On Tue, Jan 28, 2020 at 01:19:36AM +0000, Mel Gorman wrote:
> > <SNIP>
> > After all this, I have two questions that would help me understand
> > if this is what you are seeing:
> >
> > 1. to confirm: does removing just the WQ_UNBOUND from the CIL push
> > workqueue (as added in 8ab39f11d974) make the regression go away?
> >
>
> I'll have to check in the morning. Around the v5.4 development timeframe,
> I'm definite that reverting the patch helped but that was not an option
> given that it's fixing a correctness issue.
>

This is a comparison of the baseline kernel (tip at the time I started),
the proposed fix and a revert.
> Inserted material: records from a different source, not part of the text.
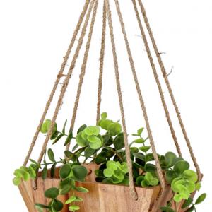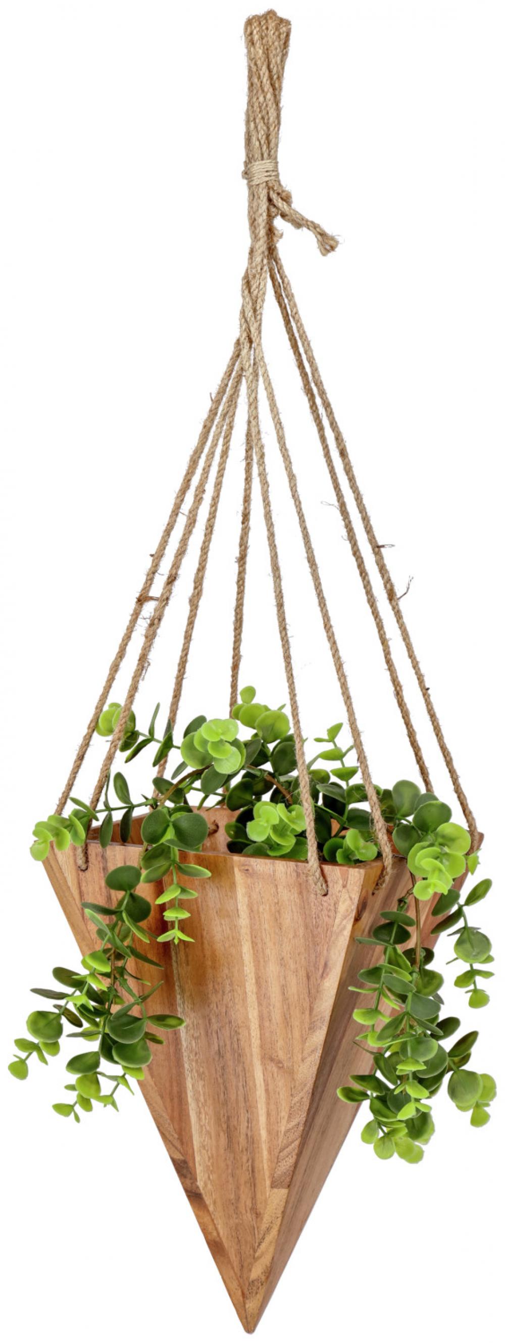 Viseća korpa za vještačke biljke od drveta. Trouglasti oblik.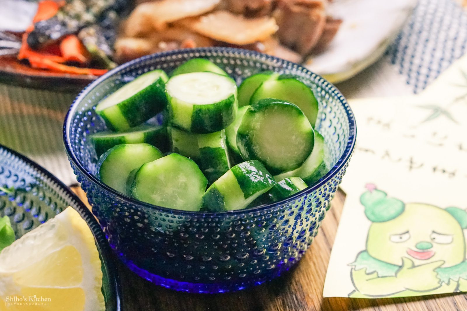 きゅうりは塩振って板ずりしてごま油と鶏ガラスープで和えただけのかんたんおつまみ。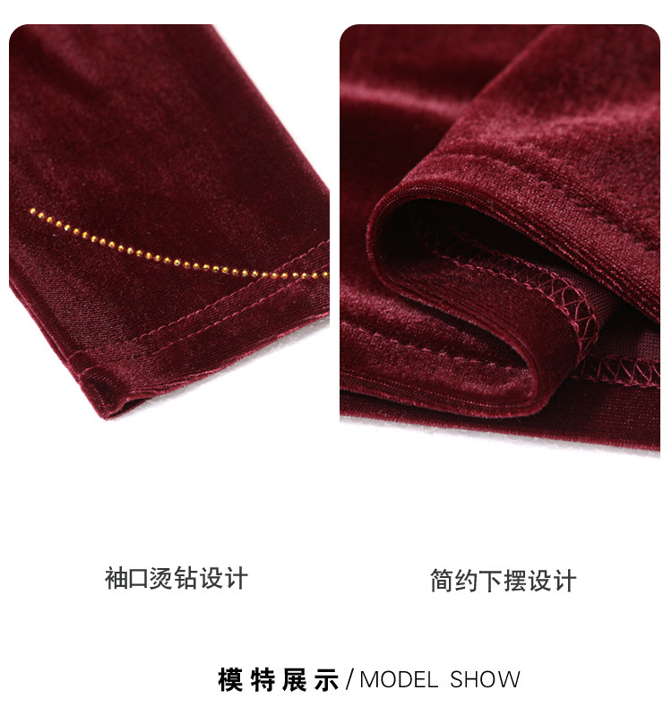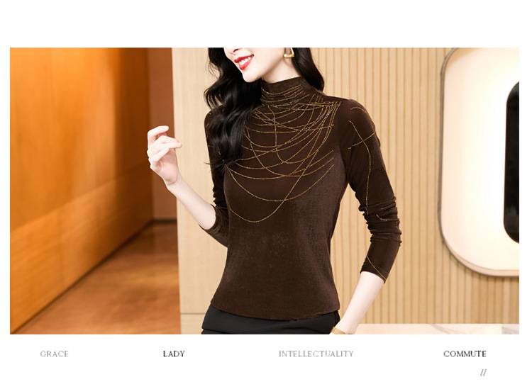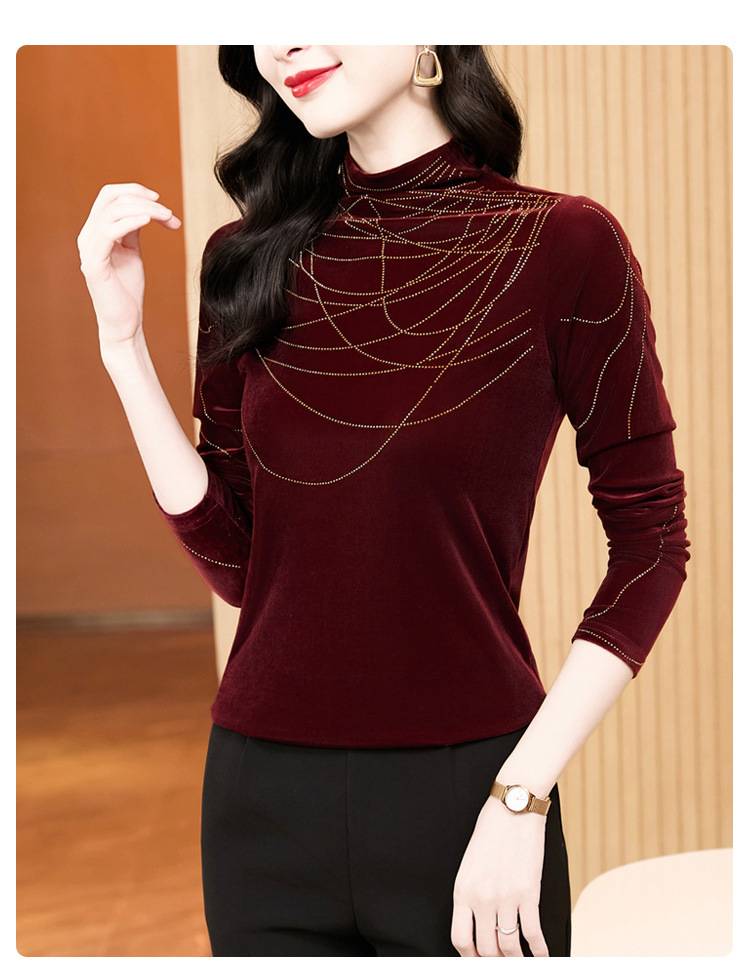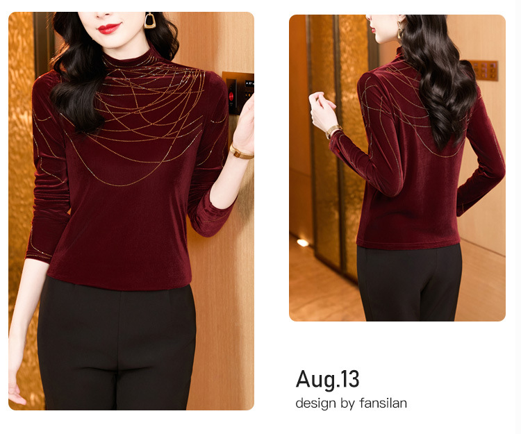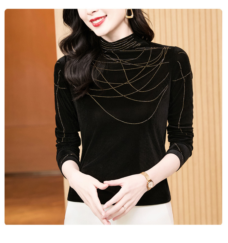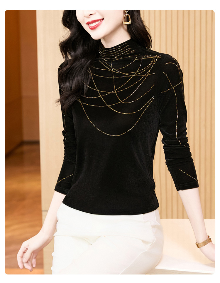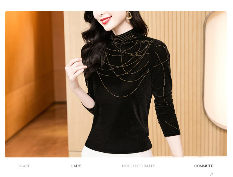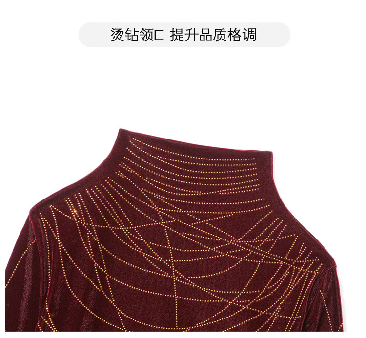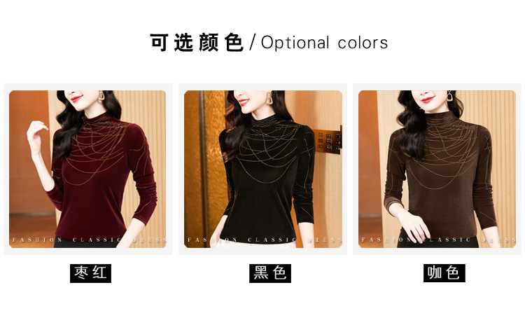 KQLE37M2971 2026春季新款洋气百搭高领纯色烫钻丝绒长袖打底衫修身显瘦T恤女
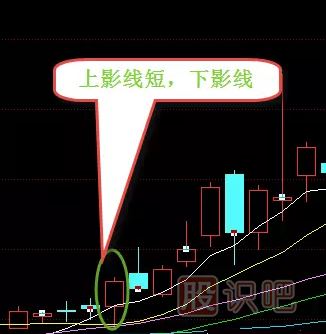 6.上影線(xiàn)短,下影線(xiàn)長(cháng)表示上漲力道強,下跌后回升,如下圖: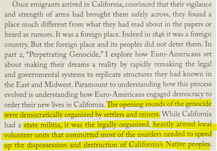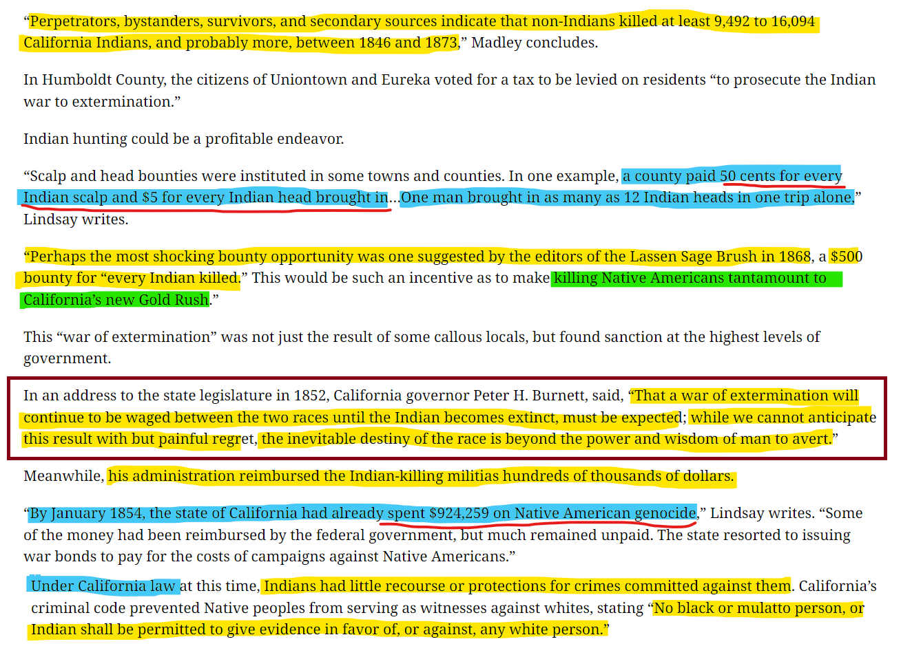 The state of California spent a million dollars in those days to systematically eliminate the Native Americans.

The revert was not clean but I do not
believe it matters

dbench4 Loadfile Execution Time
5.5.0-rc7 5.5.0-rc7 5.5.0-rc7
tipsched-20200124 kworkerstack-v1r2 revert-XFS-wq-v1r2
Amean 1 58.69 ( 0.00%) 30.21 * 48.53%* 47.48 * 19.10%*
Amean 2 60.90 ( 0.00%) 35.29 * 42.05%* 51.13 * 16.04%*
Amean 4 66.77 ( 0.00%) 46.55 * 30.28%* 59.54 * 10.82%*
Amean 8 81.41 ( 0.00%) 68.46 * 15.91%* 77.25 * 5.11%*
Amean 16 113.29 ( 0.00%) 107.79 * 4.85%* 112.33 * 0.85%*
Amean 32 199.10 ( 0.00%) 198.22 * 0.44%* 200.31 * -0.61%*
Amean 64 478.99 ( 0.00%) 477.06 * 0.40%* 482.17 * -0.66%*
Amean 128 1345.26 ( 0.00%) 1372.64 * -2.04%* 1368.94 * -1.76%*
Stddev 1 2.64 ( 0.00%) 4.17 ( -58.08%) 5.01 ( -89.89%)
Stddev 2 4.35 ( 0.00%) 5.38 ( -23.73%) 4.48 ( -2.90%)
Stddev 4 6.77 ( 0.00%) 6.56 ( 3.00%) 7.40 ( -9.40%)
Stddev 8 11.61 ( 0.00%) 10.91 ( 6.04%) 11.62 ( -0.05%)
Stddev 16 18.63 ( 0.00%) 19.19 ( -3.01%) 19.12 ( -2.66%)
Stddev 32 38.71 ( 0.00%) 38.30 ( 1.06%) 38.82 ( -0.28%)
Stddev 64 100.28 ( 0.00%) 91.24 ( 9.02%) 95.68 ( 4.59%)
Stddev 128 186.87 ( 0.00%) 160.34 ( 14.20%) 170.85 ( 8.57%)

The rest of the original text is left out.